December 28th, 2008 Comments off


Years ago, I starved myself one day just so I could write about it in my commonplace book, this was when I thought it important to experience something instead of guessing or taking someone else’s word for it. I’d make notes of whatever random words or metaphors came to mind as I hungered. Mind you, I share my father’s metabolism; we both bleed long and fast, and we burn through calories like nobody’s business. I’ll eat three to five times a day and I’ve never stayed above 155 lbs. for long, and I do feel (my own patented) physical pain faster if I do not eat. I’d often have a milk shake to ease the spasms in my back, maybe the same way people grab a smoke, so on that long ago late Saturday afternoon, I made my notes, I took some photos of my immediate surroundings for story referencing, then spent fifteen dollars at Gold Coast Dogs under the Wabash el tracks. My metabolism pretty much plays a big part in how fucked up I am when it comes to the spasms I get this time of year, my body eating up calories in double time when Chicago spends three days without topping the zero mark in temperature.

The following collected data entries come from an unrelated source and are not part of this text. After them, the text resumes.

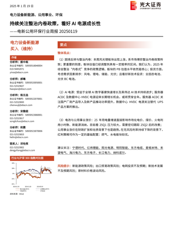 【光大证券】【20250119】电新公用环保行业周报:持续关注整治内卷政策,看好AI电源成长性-11页 行业研究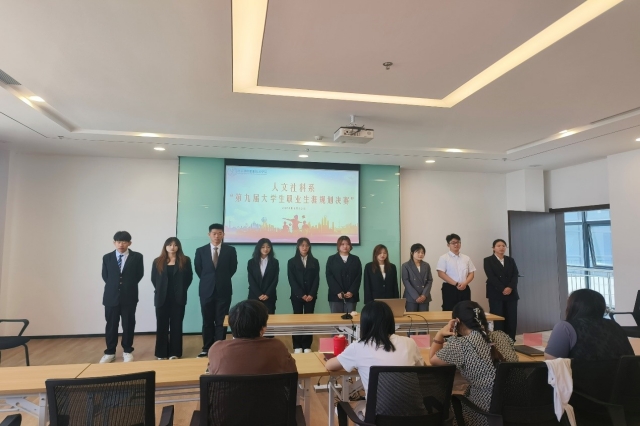 为引导学生树立正确的职业观念,提前规划自己的职业生涯,人文社科系于2024年6月12日中午12:00在弘德楼702举办了职业规划大赛系部选拔赛。本次比赛特邀就业创业中心主任顾窗林出席,人文社科系党支部副书记叶绘、壹生涯工作室负责人吴瑶、辅导员代表张文婷担任本次比赛评委。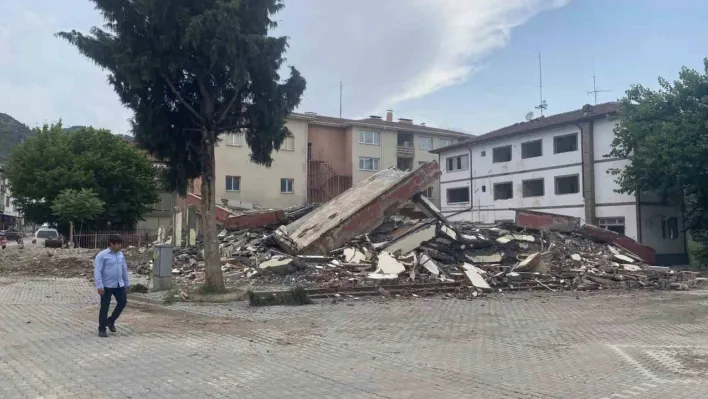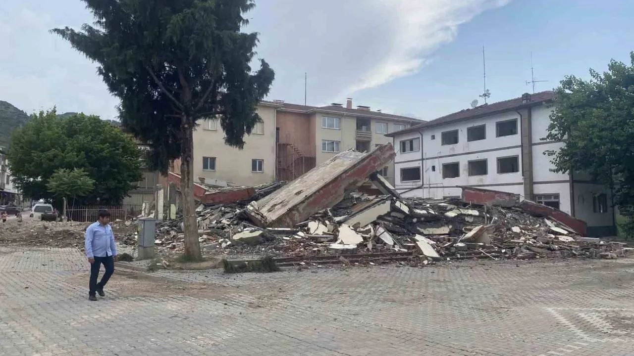 Osmaneli Belediyesi, deprem riski nedeniyle yıkım kararı olan belediye binasının yıkımını kendi ekibi ve iş makineleriyle yaptı.

Present day now, and, yea, I’m listening to Johnny Cash, and, yea, his cover of Trent Reznor’s “Hurt.” In the last eight days we have gone from sub-zero temps to thunderstorms and the expected flooding as a foot of frozen snow sank into the erff and into my crawlspace, still there because its still raining as I type this, still nearly 60 degrees. Yesterday morning on Twitter, I was kidding the local gang that the only thing we are missing this week is a volcano erupting on the Tri-State Tollway.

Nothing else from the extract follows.